Sorry about the change in the height of the tall windows. I didn’t notice I’d saved the pictures at different times during my playing, trying to work out whether full length or three quarter length windows look better. My initial thought was to have the shorter windows so we could put furniture underneath them such as a sideboard in the dining room. I don’t think the full length windows are practical, but there is something special about them.
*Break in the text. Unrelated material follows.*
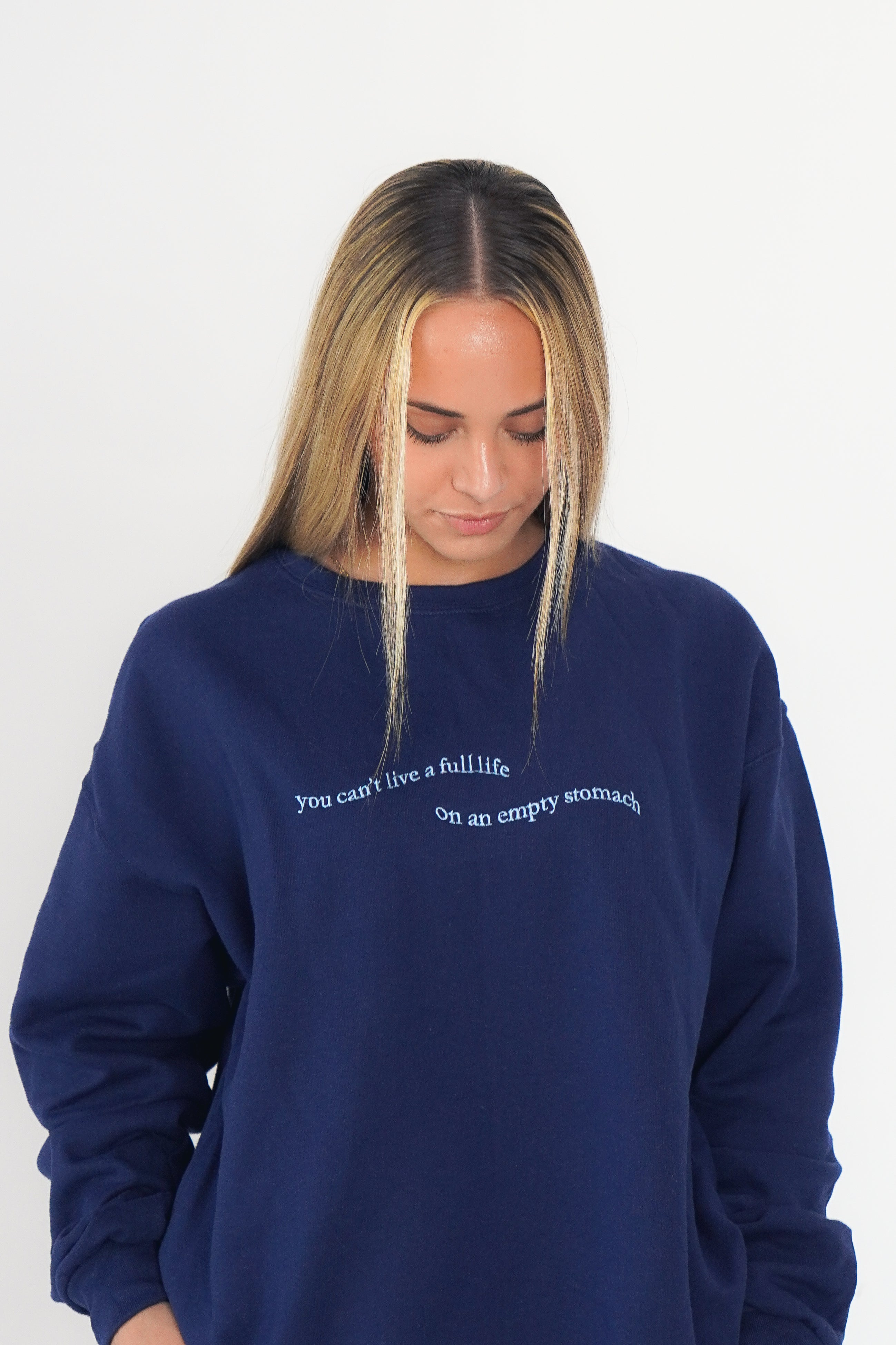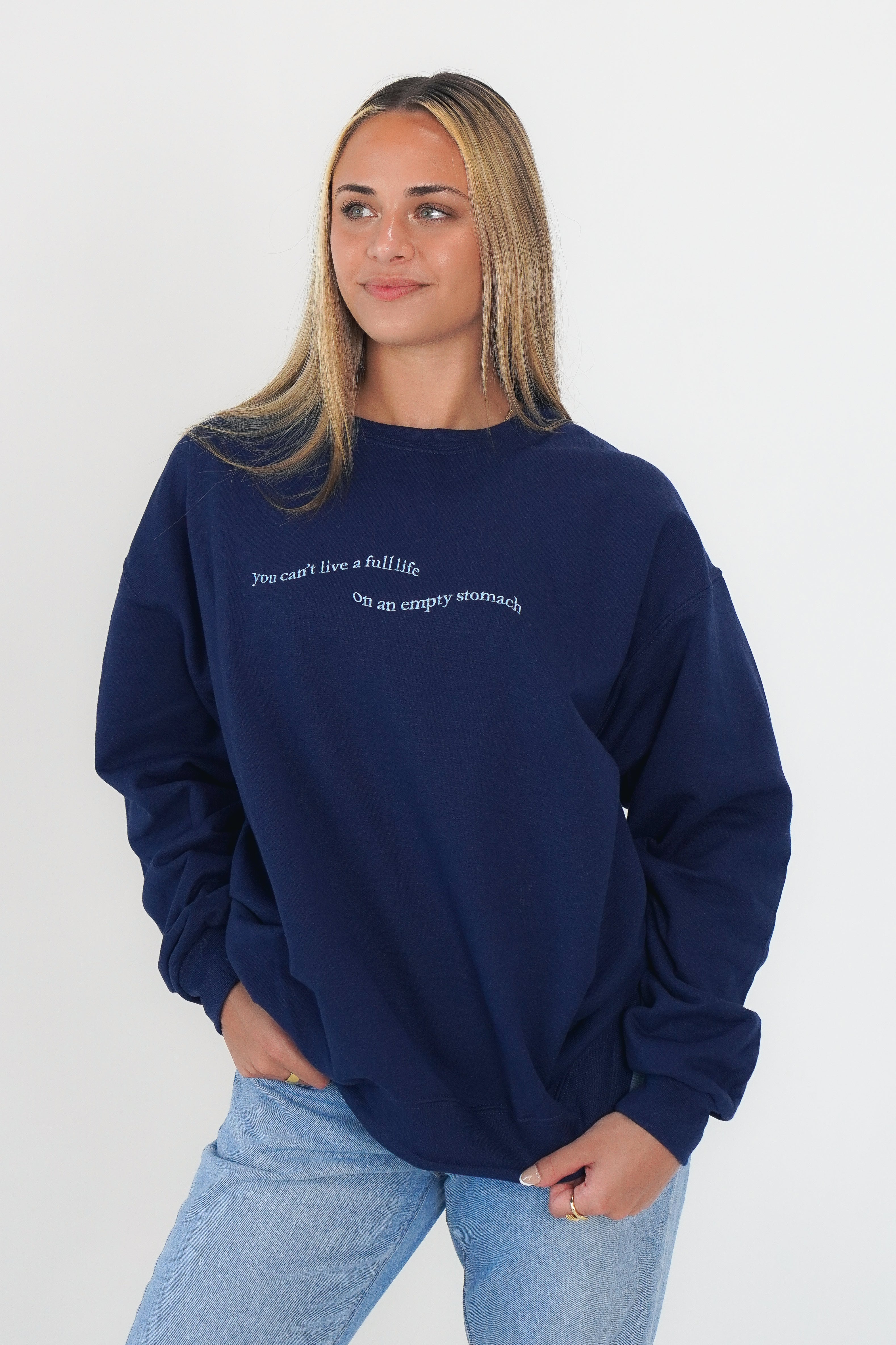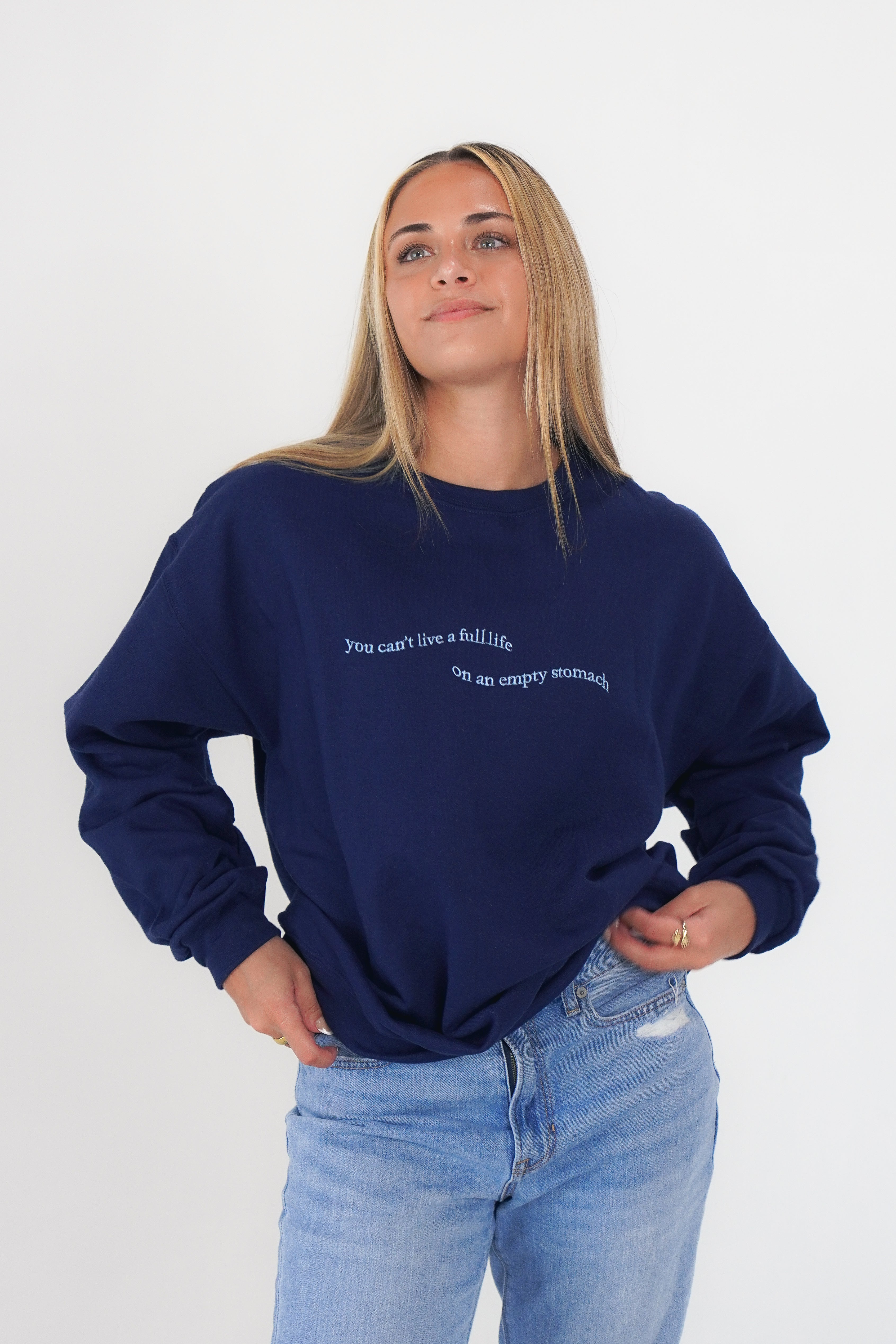 Our Origins crewneck with our You Can't Live a Full Life on an Empty Stomach design in honor of NEDA week

What do you think?
To help you appreciate the scale of transformation we are planning to our hallway, I’ve made a video showing our hall now and how we expect it to look when it is completed. We don’t know when we’ll start the work as the lift removal needs careful planning, but the prospect is very exciting.
Seeing our finished hall in 3D has really helped us understand how it will look with internal windows, however it has also raised some questions. For example the staircase in the current plan overlaps the lounge doorway (see the third image) and it may be easier to access the room if the staircase started further back by having steps on the turn; of course this could impact on our windows plan. I’m looking forward to modelling our kitchen / dining room and see if we can resolve the issue of where the kitchen should be located.
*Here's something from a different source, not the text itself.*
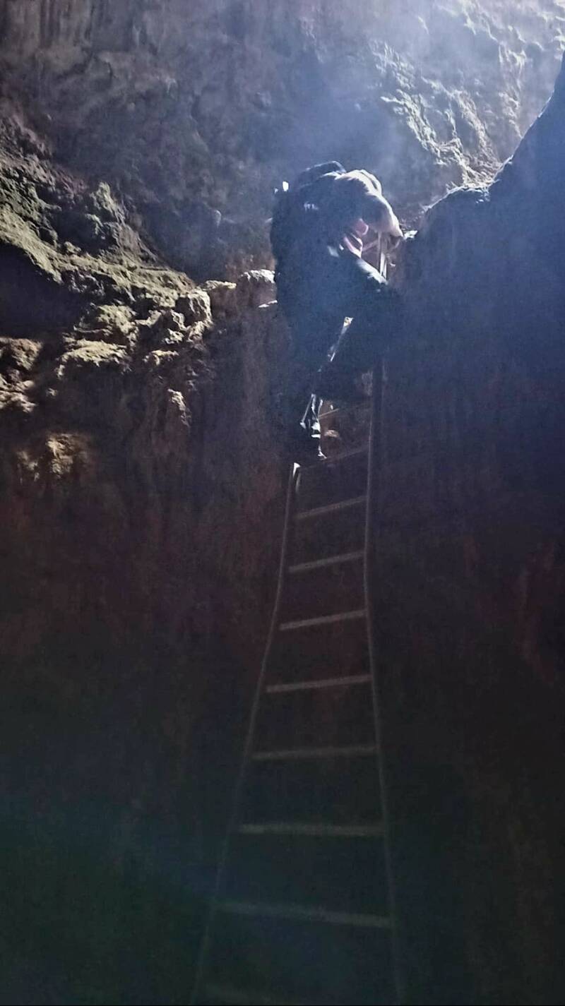 L’échelle ne touche pas le fond donc on y va tranquilou pour aller dans cette seule et unique chambre que l’on pourra visiter, car la veine qui mène à la deuxième chambre est dangereuse à prendre sans équipements.

Disclaimer: I’ve created the 3D images in RoomSketcher and was given a free VIP account to try. They also offer a free access level which will enable you to create floor plans, see them in 3D and take 3D snapshots (but you won’t be able to take premium photos as I’ve used here).
Edit: Since publishing this post I’ve been told RoomSketcher can produce 360° views of of floor plans, so here is our hallway (note the central point is not the same as the video because there would be a a very boring section of just wall).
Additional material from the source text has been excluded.